◆ **What you have to do**
Look through the entries below for the line with "此外,MUJI無印良品将沙发" and the line with "早鳥特惠價 NT$1,088 (定價NT$1,280,五入附贈精美保冷袋乙只)", then give again exactly those two lines and all lines between them, minus the pictures.
━━━━━ The data ━━━━━
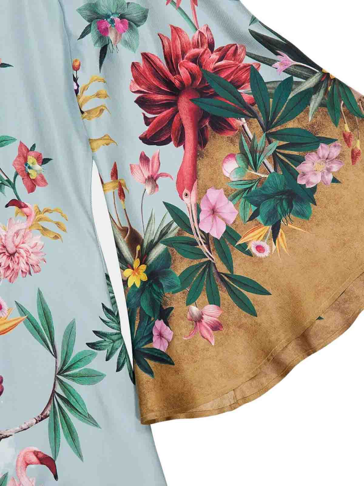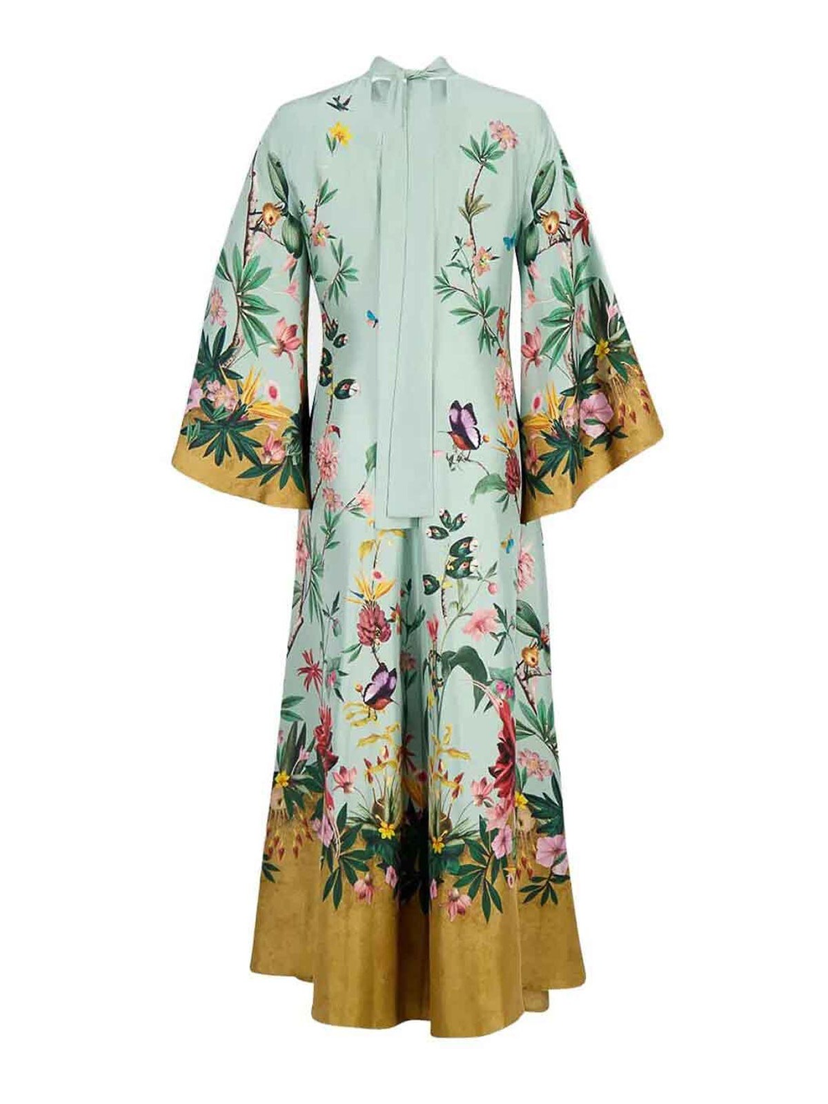 全体にグラフィックプリント、ソフトなライン、動きに合わせてデザインされた構造のロングシルクのドレス。
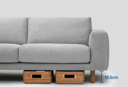 此外,MUJI無印良品将沙发距离地面的高度设计为大约18.5cm,不仅能够放入高度不超过16cm的收纳商品,还能增添收纳空间,更易于日常的打扫。
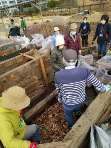 園内の落ち葉と、園内カフェから提供していただいたコーヒー豆かすを使った堆肥づくりを行いました。園内の物質循環の取り組みとして始めた堆肥作りも、今回で8回目となります。堆肥に詳しいサポーターさん主導の元、堆肥場に落ち葉や豆かすを層になるように積みあげていきます。
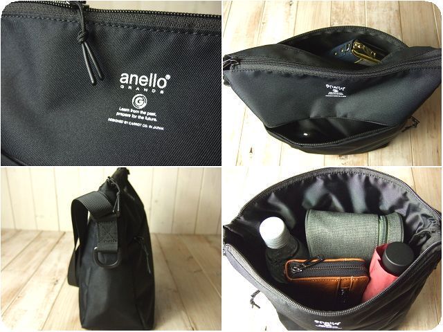 超軽量なボディで、500mlのペットボトルや長財布が縦に入るサイズ感です。【anello】「GRANDE」のネームプリントがアクセントになっています。
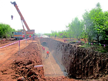 | 25日,地表水转换地下水工程的玉清线正在铺设管道。
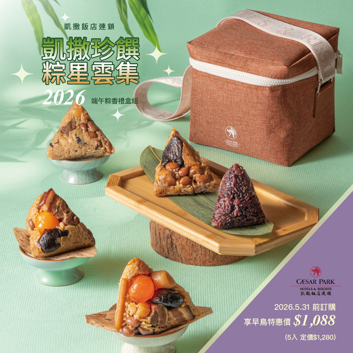 凱撒飯店連鎖2026年嚴選歷年銷售與顧客回饋熱銷口味再升級,結合葷食與素食雙重選擇,以「粽子界五大巨星」為概念,精心集結五款人氣風味,從鹹香經典、奢華饗宴、健康清爽、蔬食輕盈到甜蜜收尾,一次滿足不同口味及送禮需求。無論是節慶自享、家庭分享、或致贈長輩、客戶、同事與親友,都能輕鬆展現體面心意與品味質感。2026/5/31前訂購享 早鳥特惠價 NT$1,088 (定價NT$1,280,五入附贈精美保冷袋乙只)
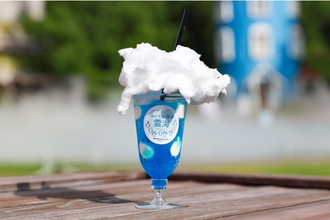 真夏の青い空をブルーハワイ、白い雲をマシュマロで表現した爽やかなソーダ。さらにカップの上には、空に浮かぶ雲海をイメージしたコットンキャンディー(綿菓子)が浮かびます。青と白のコントラストがムーミンバレーパークの自然とマッチして、思わず写真を撮りたくなる一杯!
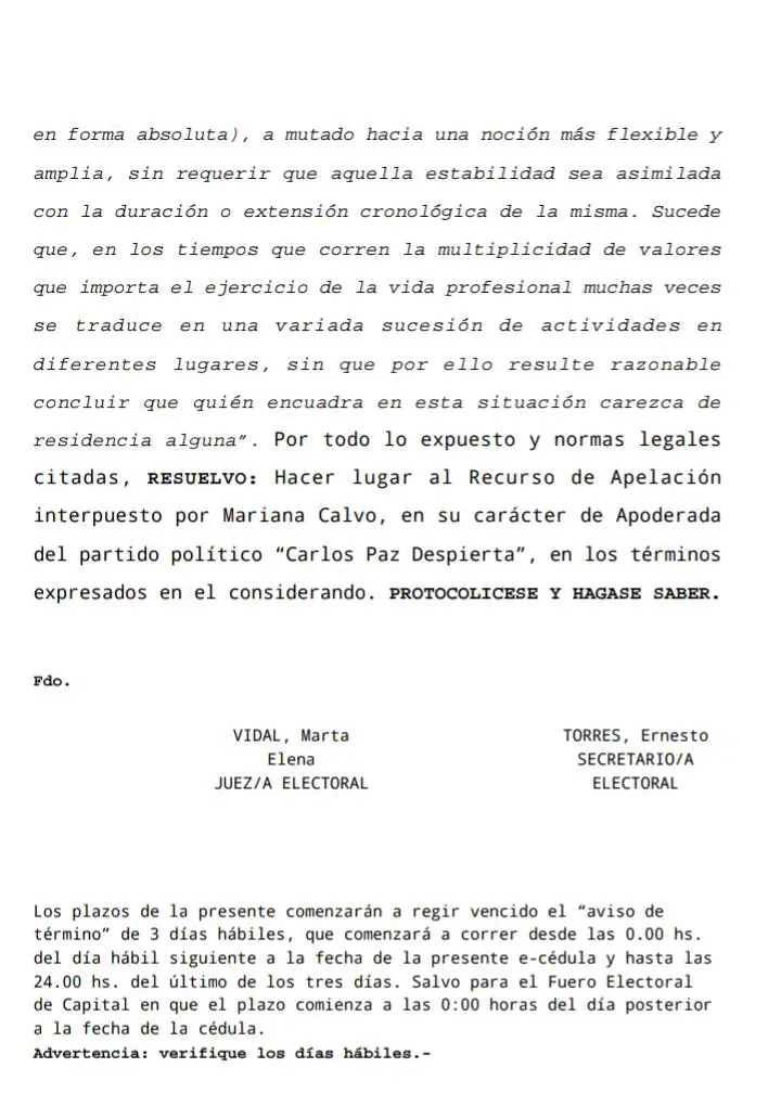 Este lunes se conoció la decisión judicial en un documento que lleva la firma de la jueza electoral de Córdoba, Marta Vidal.
━━━━━
◆ **Solution to this exercise**
 此外,MUJI無印良品将沙发距离地面的高度设计为大约18.5cm,不仅能够放入高度不超过16cm的收纳商品,还能增添收纳空间,更易于日常的打扫。
 園内の落ち葉と、園内カフェから提供していただいたコーヒー豆かすを使った堆肥づくりを行いました。園内の物質循環の取り組みとして始めた堆肥作りも、今回で8回目となります。堆肥に詳しいサポーターさん主導の元、堆肥場に落ち葉や豆かすを層になるように積みあげていきます。
 超軽量なボディで、500mlのペットボトルや長財布が縦に入るサイズ感です。【anello】「GRANDE」のネームプリントがアクセントになっています。
 | 25日,地表水转换地下水工程的玉清线正在铺设管道。
 凱撒飯店連鎖2026年嚴選歷年銷售與顧客回饋熱銷口味再升級,結合葷食與素食雙重選擇,以「粽子界五大巨星」為概念,精心集結五款人氣風味,從鹹香經典、奢華饗宴、健康清爽、蔬食輕盈到甜蜜收尾,一次滿足不同口味及送禮需求。無論是節慶自享、家庭分享、或致贈長輩、客戶、同事與親友,都能輕鬆展現體面心意與品味質感。2026/5/31前訂購享 早鳥特惠價 NT$1,088 (定價NT$1,280,五入附贈精美保冷袋乙只)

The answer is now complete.